As reflected in the working draft as of Saturday evening, the 18 countries that had signed onto the resolution, along with the resolution leader Italy, included Andorra, Greece, Luxembourg, Portugal, the Russian Federation, Serbia, Slovenia, Spain and Turkey from the European Region; Egypt from the Eastern Mediterranean Region; India and Sri Lanka from the South East Asian Region; Malaysia from the Western Pacific Region, and Eswatini, Kenya, South Africa, and Uganda from the African Region. Notably there were no co-sponsors reported yet from the Americas.

Country number 19 also remained a mystery.

Beatrice Marone contributed to this story.

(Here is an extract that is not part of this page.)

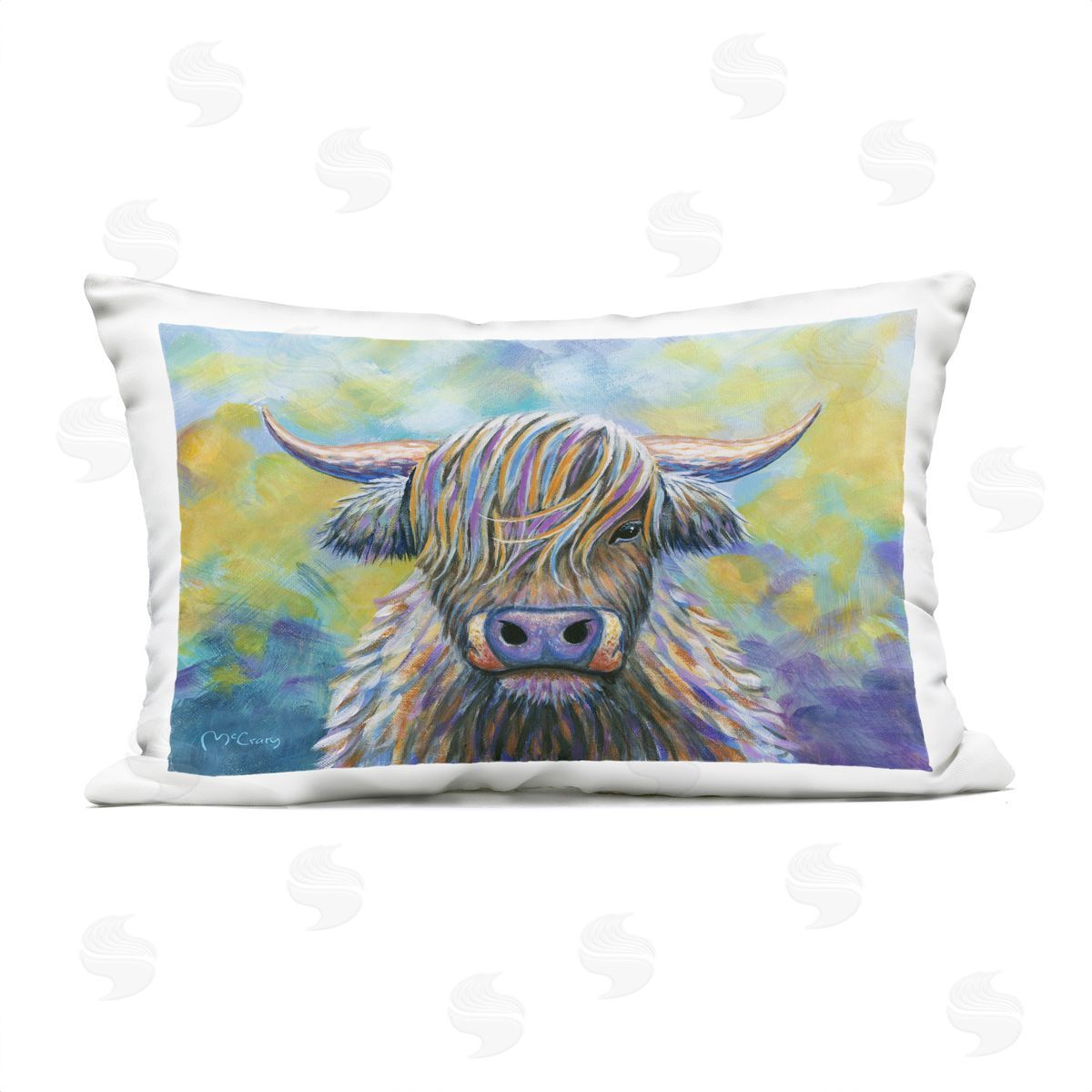 Mike McClery | Highland Cow with Vibrant Hair Printed Throw Pillow

Image Credits: Catherine Saez.

One thought on “Medicine Prices: Secrecy Of R&D Costs Remains Issue In Near-Final World Health Assembly Resolution

  1. This whole concept of sharing of data is progressing prematurely. First, you are asking companies that have spent billions of dollars and many years developing the drugs and trials to give instantly give up all their potential earnings from future developed drugs. I understand why all these other countries agree this policy, they have not spent a penny or contributed anything to the industry itself but want to enjoy all the benefits of it for next to nothing. While your goals are commendable, these countries need to contribute to a global collaboration to finance future research. But as we have seen from recent attempts, when asked to do so, no one would participate or contribute to the cause. You cannot kill an open market industry under the guise of “for the good of all humanity” when no one is willing to compensate the industry for their contributions or sacrifices.